Abby twirled a tuft of her hair, unsure whether she agreed. When she was silent, Carissa went on, “The markers at Père Lachaise just happen to be very large. Some people would say too large. And there are lots and lots of them, and they’re all very close together. The statues, too. See this one? It’s a statue of a famous musician.” She tapped the spot in the illustration where Bemelmans had drawn Chopin’s headstone, and then quickly turned the page.
“These are called domes,” she said, referring to a picture of Madeline and the girls near the Sacred Heart Basilica in Montmartre. “They’re a part of the church on the highest hill in the city. When you stand on the hill, you can see almost all of Paris.”
“Daddy, someday can we go to Paris? I want to see those domes and those statues. And that tower.”

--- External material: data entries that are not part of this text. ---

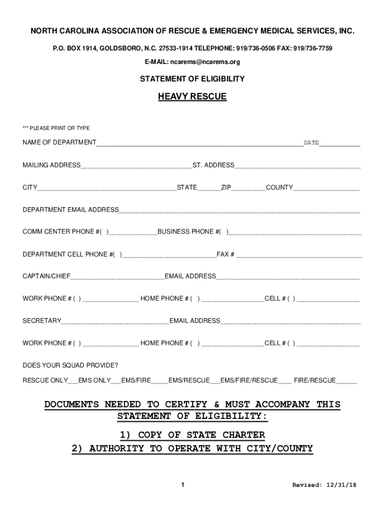NORTH CAROLINA ASSOCIATION OF RESCUE & EMERGENCY MEDICAL SERVICES, INC. P.O. BOX 1914, GOLDSBORO, N.C. 275331914 TELEPHONE: 919/7360506 FAX: 919/7367759 EMAIL: ncarems@ncarems.orgSTATEMENT OF ELIGIBILITYHEAVY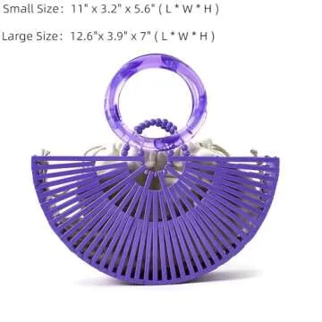 Show moreIntroducing the VAKAER Women Bamboo Purse Summer Beach Tote Bag, an exquisite handmade handbag that redefines elegance and practicality. Crafted from high-quality, eco-friendly bamboo, this striking purple tote is designed to impress. The stunning double acrylic handle provides a unique touch, making it not just a bag, but a statement accessory for the summer. With dimensions of 12.6" x 3.9" x 7", this large-sized purse offers ample space for all your essentials, including makeup, cellphones, lipsticks, glasses, and keys. Experience a blend of style and functionality that is perfect for any summer occasion.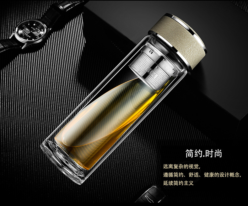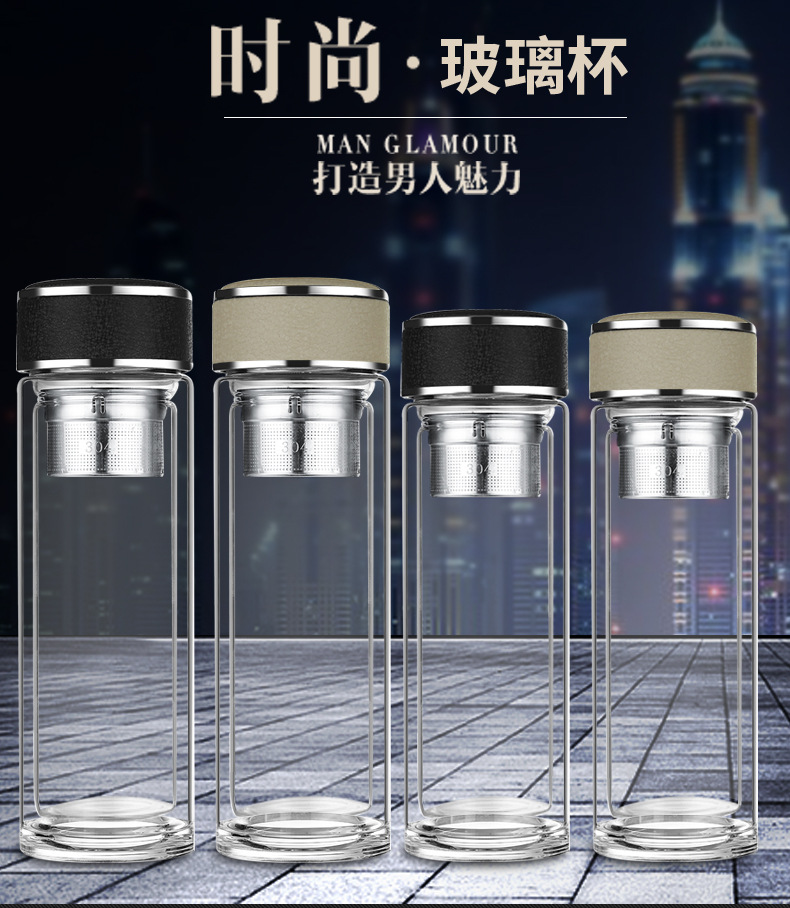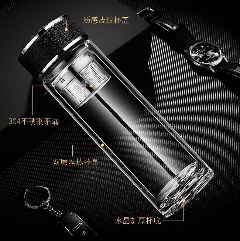廠家直銷新款創意高端商務雙層玻璃杯帶濾網辦公水杯定制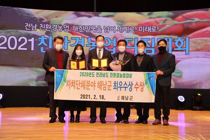 친환경 농업대상 최우수기관 선정은 2년 연속으로, 시상식은 18일 전남도청에서 2021년 친환경농업 다짐대회에서 열렸다. 해남군은 지자체 기관표창 외에도 축산분야에서 북평면 김소영씨가 최우수상을 수상하기도 했다.

“Absolutely,” I said. I wondered if showing Abby Paris via a Madeline book was helping Carissa to press Richard Emmons from her mind, or whether—perhaps like Abby—she was being polite. This little girl, after all, was the daughter of the man she was sleeping with. Slept with. Slept with one time. Either way, Carissa seemed to be content. And Abby was entranced.
“If you go, you have to let me come, too,” Carissa said. “I love Paris.”
“You can see a really big picture of Paris on the walls in Carissa’s office,” I told Abby.
“How big?”
“Floor to ceiling.”
“Is Madeline in it?”
Carissa abruptly reached under the girl and picked her up, then dropped her into her lap. “Nope, she’s not. Maybe someday you’ll have to bring your crayons and markers and put her there.”
“In the picture?”
“Sure.”
“You’d let me draw on the wall?” Abby sounded at once incredulous and pleased.
“Well, it sounds like I need a Madeline.”
“I’m not allowed to draw on the walls here, you know.”
I climbed to my feet and began to roll up my sleeves. “I’m going to make dinner,” I said. “I don’t think I even want to know where this conversation is going.”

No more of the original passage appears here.